Despite the expectation of a slowdown in automobile sales, the auto component industry is expected to grow between 10-11% in FY20 supported by increasing content per vehicle owing to transition to BS-VI and safety norms. Also, In FY20, the cement demand growth is likely to be around 8%, while domestic steel demand growth will moderate to 7%.
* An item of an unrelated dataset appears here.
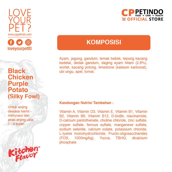Makanan Anjing Kitchen Flavor Silky Fowl Meat Cube Black Chicken Mommy & Puppy Dog Food 1.5kg Kitchen Flavor

The CNX Nifty is currently trading at 11863.30, down by 50.75 points or 0.43% after trading in a range of 11849.55 and 11911.85. There were 13 stocks advancing against 37 stocks declining on the index.

The top gainers on Nifty were Larsen & Toubro up by 1.25%, Bharti Infratel up by 1.14%, ONGC up by 0.71%, Wipro up by 0.62% and Tata Steel was up by 0.60%. On the flip side, Zee Entertainment down by 4.99%, IndusInd Bank down by 3.04%, Indiabulls Housing down by 2.97%, Yes Bank down by 2.48% and Dr. Reddys Lab was down by 1.76% were the top losers.

Asian markets were trading mostly in red; Hang Seng decreased 162.46 points or 0.6% to 27,132.25, Taiwan Weighted dropped 26.82 points or 0.25% to 10,534.19, Jakarta Composite lost 22.30 points or 0.36% to 6,250.78, Shanghai Composite declined 7.59 points or 0.26% to 2,903.15 and KOSPI was down by 9.49 points or 0.45% to 2,093.66.

On the other side, Straits Times advanced 1.32 points or 0.04% to 3,221.98 and Nikkei 225 was up by 64.81 points or 0.31% to 21,096.81.